Zhu on the question of autonomy:
They will not tell you about those people who are coerced into dying because they want you to believe this is about autonomy.

Once the illusion of autonomy is shattered, so does their case.

It is not a coincidence that the people who are featured in pro-assisted suicide publicity campaigns are all articulate, well-off middle-class people.
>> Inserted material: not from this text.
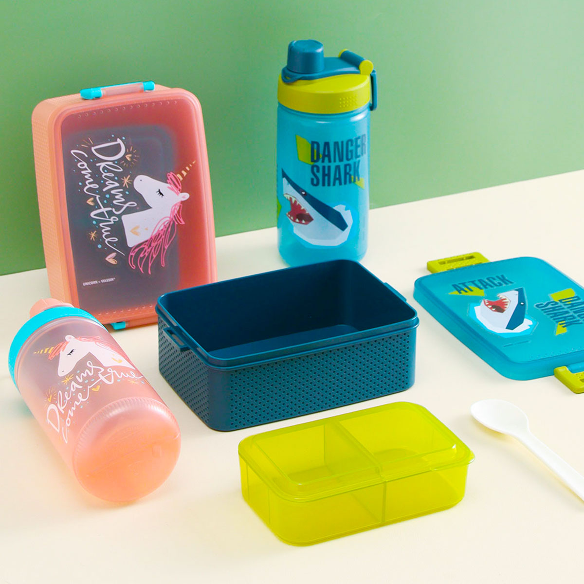 童彩3格飯盒+運(yùn)動水壺套裝(含內(nèi)盒800ml+500ml)

They do not face socio-economic pressures on their very existence — unlike Sophia, who died because she had allergies.

They want you to forget that we live in a world which all too often still does not value the lives of the poor, of the sick, of the disabled, which views them as an expensive burden.
Zhu speaks of the problem with modern healthcare systems and the aging population and concludes that the answer to the question is to encourage social caring rather than killing:
At a time when healthcare systems are on the verge of collapse all around the developed world, when intergenerational economic inequalities are worse than they have ever been, how long will it be before the right to die becomes a duty to die?

If you think this is too far-fetched, consider that a former prime minister of Japan said publicly that he wished old people would hurry up and die. 30 per cent of the Japanese population is over the age of 65. They require pensions and expensive healthcare and social care. Given the experiences of the countries that have legalized assisted suicide, given what we know about the cruelty of human nature, is it really so outlandish to fear what the invention of a “right to die” will do for the poor, for the disabled, for the vulnerable in our society?
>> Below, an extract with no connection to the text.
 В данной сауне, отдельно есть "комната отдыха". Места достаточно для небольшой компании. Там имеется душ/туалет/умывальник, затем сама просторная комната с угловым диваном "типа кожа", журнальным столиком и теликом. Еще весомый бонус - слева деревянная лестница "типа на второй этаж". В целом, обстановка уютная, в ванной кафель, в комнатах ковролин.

Now, there are genuinely hard cases, of terminally ill people in unbearable pain, and the better side of our human nature wants to do something, anything, to help them. The solution is better healthcare, better social care, better palliative care. It is not to offer them a syringe of the same poison which is used in execution chambers in America and to call it healthcare. That is a perversion of the English language.

The solution is not to create a “right to die” which will inevitably be abused and enable some of the worst human instincts which we thought we suppressed a long time ago.
I urge the House to oppose this motion.
Considering Zhu was given 10 minutes to offer his position, he offered an excellent argument against assisted suicide.

5 comments:

KathleenLundquist said...

Excellent and comprehensive argument. I will archive this for reference.

Catherine Hallagan said...

Thanks for publishing this speech by Yaun Yi Zhu from Cambridge University. It's outstanding! I hope it's circulated widely.

Catherine Hallagan said...

Thanks for posting this speech by Yian Yi Zhu from Cambridge University. It's outstanding! I hope it's circulated widely.

Unknown said...

I agree an outstanding article, and too hope it will be circulated.
Kay Fillman

Anonymous said...

Dr. Zhu's brilliant speech is spot on. His outlines the views of pro-euthanasia advocates.

His quote, "The solution is not to create a “right to die” which will inevitably be abused and enable some of the worst human instincts which we thought we suppressed a long time ago."